Но главное в этом прагматически повернутом спектакле понятно: чтобы быть по-настоящему действенным, высказывание должно сочетать институциональную (само)критику с лингвистическими парадоксами дейксиса. Вместо рассказывания не/бывалых историй — акцентирующее указание на ситуацию высказывания (и восприятия). Такая самокритика высказывания черпает из истории критической мысли не меньше, чем из эволюции самосознания знака в искусстве: призывая обратить внимание на самоценность момента выказывания без референта, она одновременно подробно подсчитывает стоимость одной секунды этого перформанса. Развертывание сюжета определяется этой первичной экономико-дейктической сценой. Поскольку делиться (не без выгоды для себя, как подчеркивает художник) можно всем, чем угодно, — включая ответственность за успех представления, пространство сцены и оплату труда, то далее перформанс сводится к тому, что автор приглашает любого («желательно умеющего красиво танцевать») на половину сцены за половину своего гонорара, затем — на половину половины и так далее. Из тех, кто продолжает упорно сидеть в зале, периодически выстраиваются статистические ассамбляжи (что сильно напоминает работы Rimini Protokoll), но в основном их продолжают третировать как публику, риторические обращения к которой не могут скрыть предписывание диапазона реакций и действий.

Поскольку я сижу на перформансе, отвечая на мейлы (следствие уже вполне реального прекарного производственного положения), то не сразу замечаю, как он сменяется финальной сессией, где еще говорится о доступе вместо владения и об опыте вместо материальных нужд (противопоставление чего немало удивило бы философа XIX века). Наконец раздается пара принципиальных тезисов о бенефициарах нашего sharing experience [1] и о sharing economy as a new face of capitalism [2]. Очевидно, что делиться сегодня объектами и даже пространством намного проще, тогда как делиться временем и нематериальными вещами (вопреки постопераистской максиме об эксцессивности нематериального) — к примеру, субъективностью высказывания — по-прежнему проблематично.

4 июня

Просыпаюсь в последний раз в гарантированном институцией месте и иду на гарантированный завтрак, после чего собираю вещи и отправляюсь на неделю в неизвестность — в Берлин, где вписка пока есть только на пару первых дней. В дороге занимаюсь удалением сорных мейлов (в основном по поводу логистики) и пытаюсь понять, чем занимался в мае помимо ответов на письма.

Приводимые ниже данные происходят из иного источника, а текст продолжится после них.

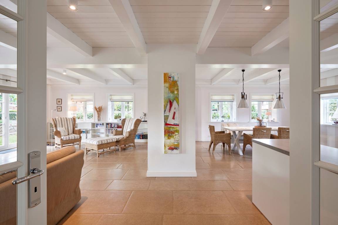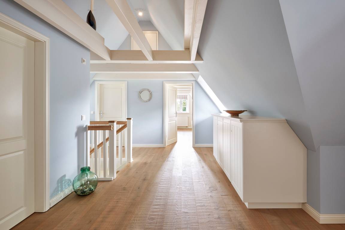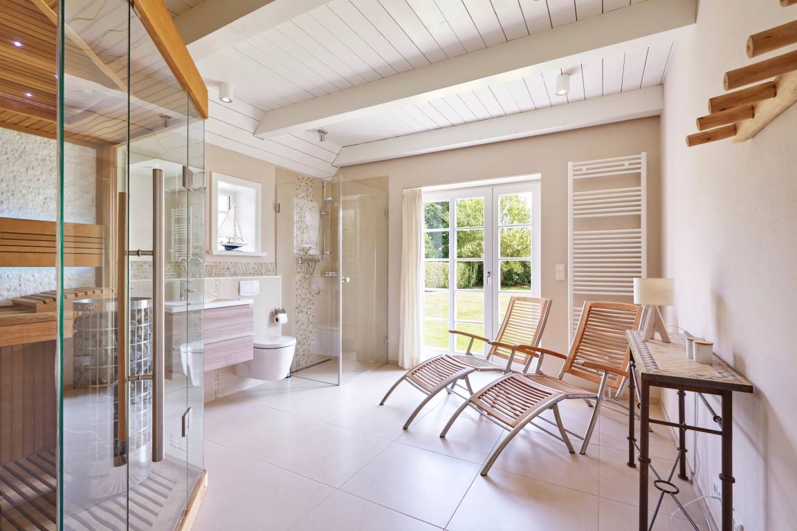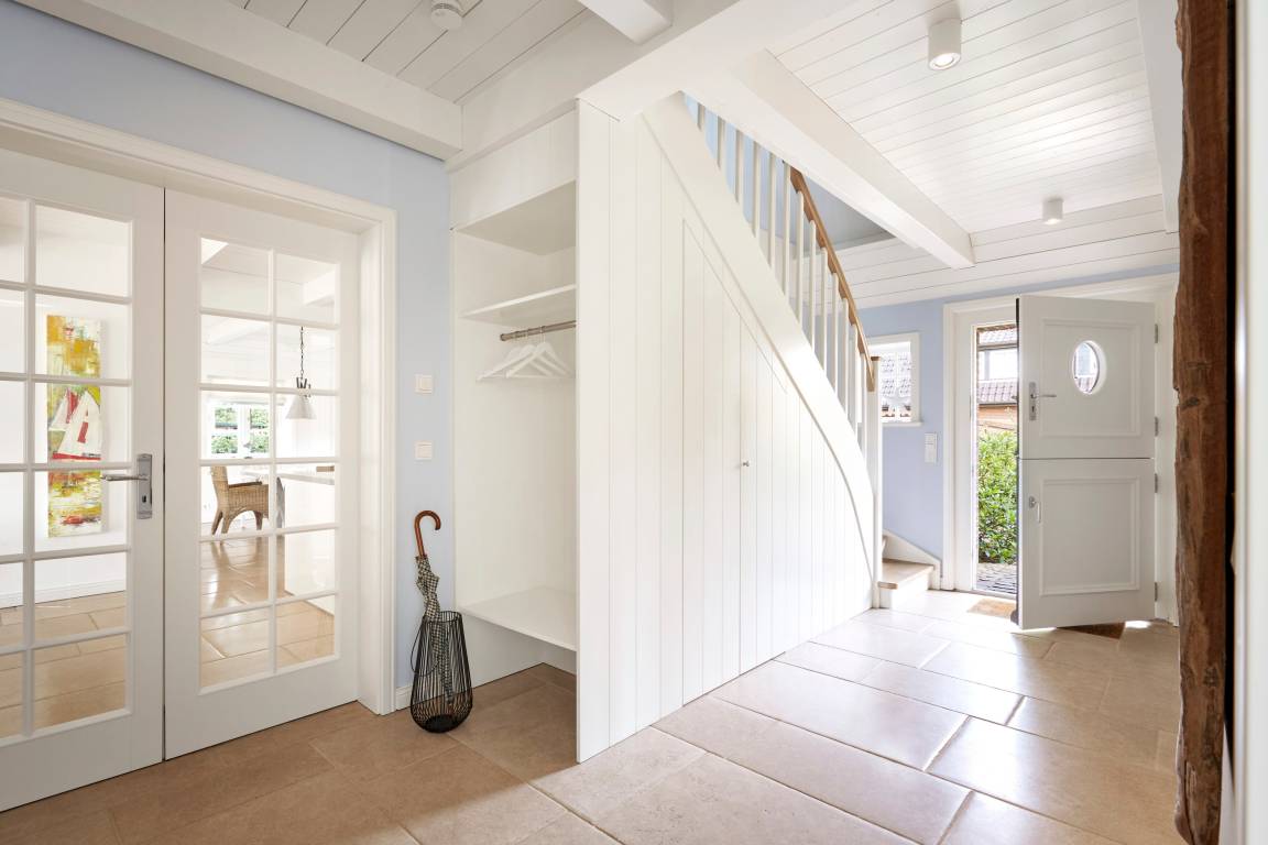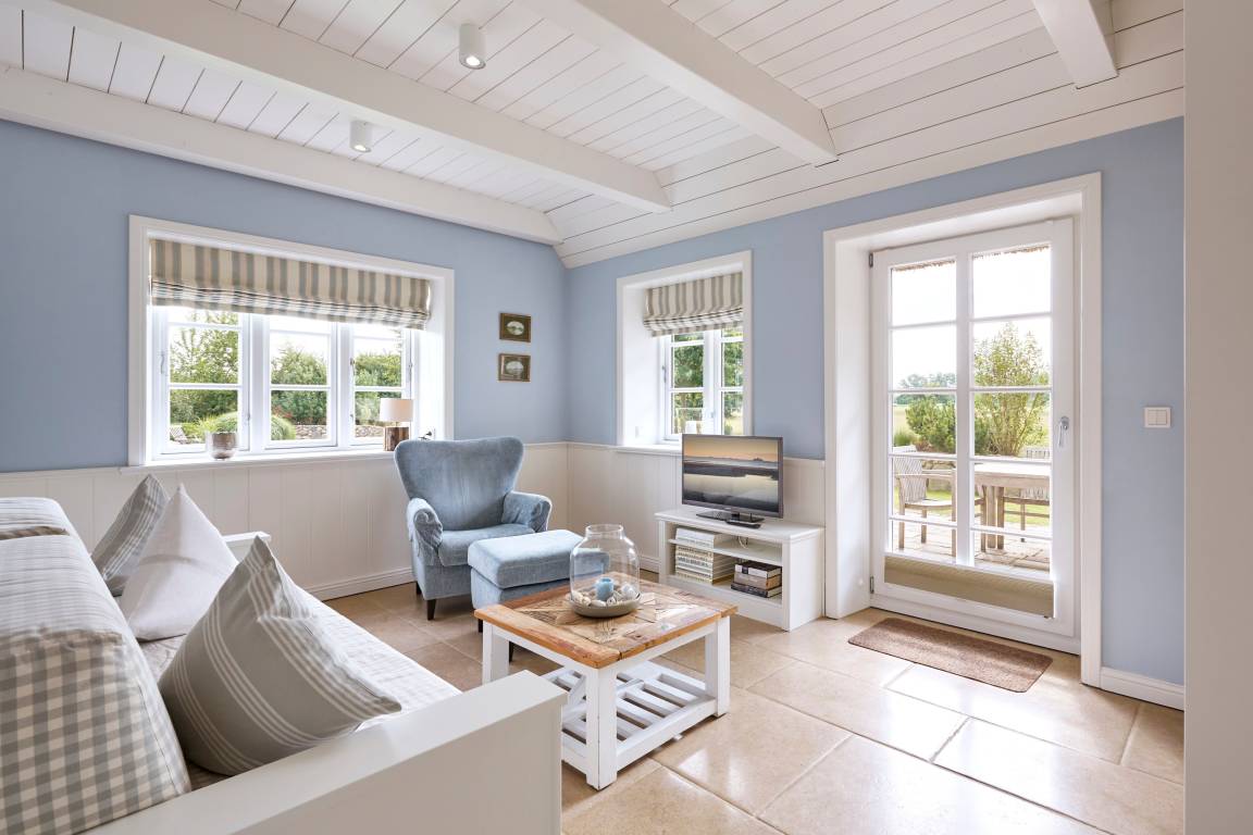 Willkommen im Sandshörn! Dieses imposante Feriendomizil unter Reet liegt am Rande des beliebten Friesendorfes Nieblum- und doch mittendrin. Das große Grundstück scheint keine Grenzen zu haben, und es eröffnet sich ein weiter Blick über Wiesen und Felder. Die großzügige und exklusive Innenausstattung lässt es an nichts fehlen, was Ihren Urlaub zum „Wohlfühl-Ereignis" macht. Der Garten und Terrasse lädt im Sommer zum Entspannen ein. Zum weitläufigen Sandstrand oder in den historischen Ortskern mit Restaurants, Cafes und Einkaufsmöglichkeiten sind es nur wenige Gehminuten. Auch in den Herbst- und Wintermonaten kann man hier wunderbar entspannte Urlaube genießen. Sauna und Panoramakamin tun ein Übriges. Wir freuen uns auf Sie.
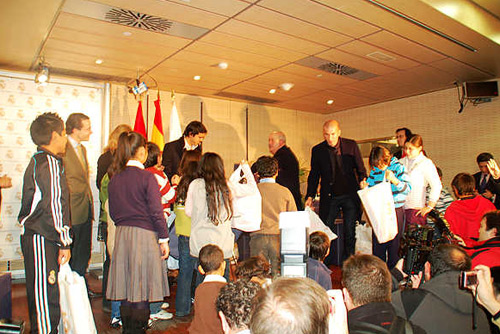 中新網(wǎng)12月26日電 據(jù)西班牙《歐華報(bào)》報(bào)道,由皇馬基金會(huì)發(fā)起“每個(gè)孩子都有玩具”的活動(dòng),日前在馬德里伯納烏球場內(nèi)舉行。皇馬現(xiàn)役超級球星卡卡,及退役球星齊達(dá)內(nèi)到場給馬德里兒童代表送出“第一份”圣誕節(jié)禮物。毛尚雅等4名華裔小朋友作為馬德里華僑子女代表,參觀了皇馬博物館、伯納烏球場及球員休息室等地,并在活動(dòng)中上臺(tái)領(lǐng)取禮物,接受電視臺(tái)采訪。
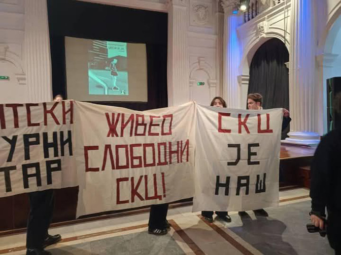 Као неко ко од почетка подржава студентске захтеве и борбу да се решимо овог клана, који управља уз помоћ колонизатора, могу да кажем да сам вечерас у СКЦ видео упад бољшевика. Не одређује некога то да ли је студент или је радник, а ако одређује, онда су студенти избацили раднике, уметнике и друге студенте (било је и студената који су у кафеу играли друштвене игре), гурали несрећног старијег портира, упали у портирницу у којој су нешто претурали. Покушао је један и да ме изгура.

Вечером в Берлине отправляюсь, будучи заинтригован приглашениями с двух разных сторон, на вечеринку Кристиана фон Борриса, левого арт-филантропа и потомка немецкой аристократии (с предсказуемыми политическими реляциями в прошлом), который живет на крыше [3]. Здесь много знакомых, в том числе русских художников и кураторов, но закон small talk'а [4] все равно сохраняется. Ваше теоретическое размышление чуть затянулось или барахлит ваш английский — и внимание собеседника, только что задавшего вопрос, утеряно, и он тянется за проходящим мимо спасением — другим столь же мимолетным собеседником. Присутствующая Катя Дёготь сетует, что мы общаемся только друг с другом, и представляет нас с Настей Рябовой одному немцу как young russian travelling intellectuals [5]. Кажется, мы успешно упускаем свой шанс.

5 июня

Обращаю внимание, что мой интервал между осмыслением происходящего в записях на бумаге и иногда случающейся публикацией на Фейбуке — примерно неделя. Также замечаю, что для такого постоянного стресса, как прекарное путешествие, я довольно много публикую (а неделя в Питере прекрасно может обойтись без единого поста в соцсетях).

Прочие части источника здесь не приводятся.